What the exercise asks — Would you transcribe the whole listing exactly and drop its images?

Material provided —
··········

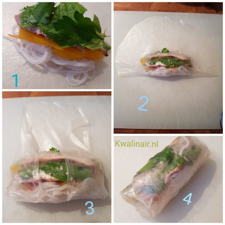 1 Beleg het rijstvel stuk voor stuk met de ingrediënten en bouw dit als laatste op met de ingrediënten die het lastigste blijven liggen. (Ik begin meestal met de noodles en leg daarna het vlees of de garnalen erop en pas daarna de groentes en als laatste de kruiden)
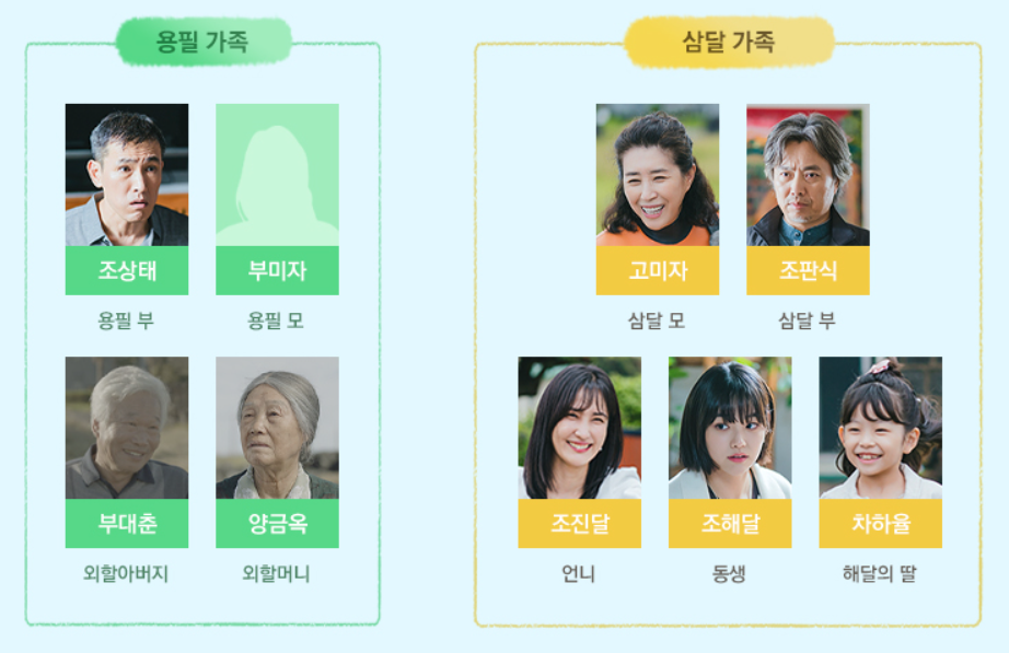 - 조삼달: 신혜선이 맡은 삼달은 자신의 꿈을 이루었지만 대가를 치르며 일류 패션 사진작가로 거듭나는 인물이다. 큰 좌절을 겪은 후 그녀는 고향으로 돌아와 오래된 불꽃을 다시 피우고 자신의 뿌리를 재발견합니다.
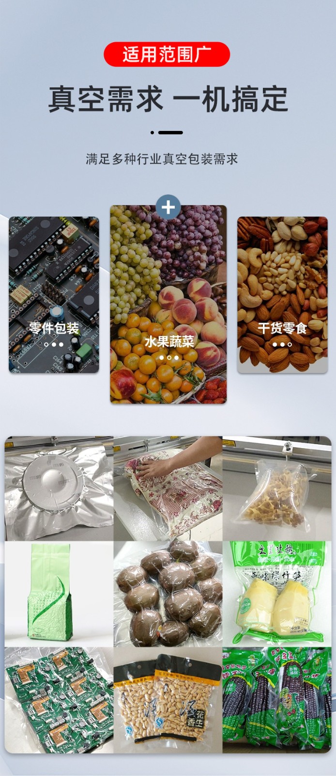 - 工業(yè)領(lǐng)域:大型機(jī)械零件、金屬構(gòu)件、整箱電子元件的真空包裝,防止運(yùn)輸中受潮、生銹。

··········

Response area —
 1 Beleg het rijstvel stuk voor stuk met de ingrediënten en bouw dit als laatste op met de ingrediënten die het lastigste blijven liggen. (Ik begin meestal met de noodles en leg daarna het vlees of de garnalen erop en pas daarna de groentes en als laatste de kruiden)
 - 조삼달: 신혜선이 맡은 삼달은 자신의 꿈을 이루었지만 대가를 치르며 일류 패션 사진작가로 거듭나는 인물이다. 큰 좌절을 겪은 후 그녀는 고향으로 돌아와 오래된 불꽃을 다시 피우고 자신의 뿌리를 재발견합니다.
 - 工業(yè)領(lǐng)域:大型機(jī)械零件、金屬構(gòu)件、整箱電子元件的真空包裝,防止運(yùn)輸中受潮、生銹。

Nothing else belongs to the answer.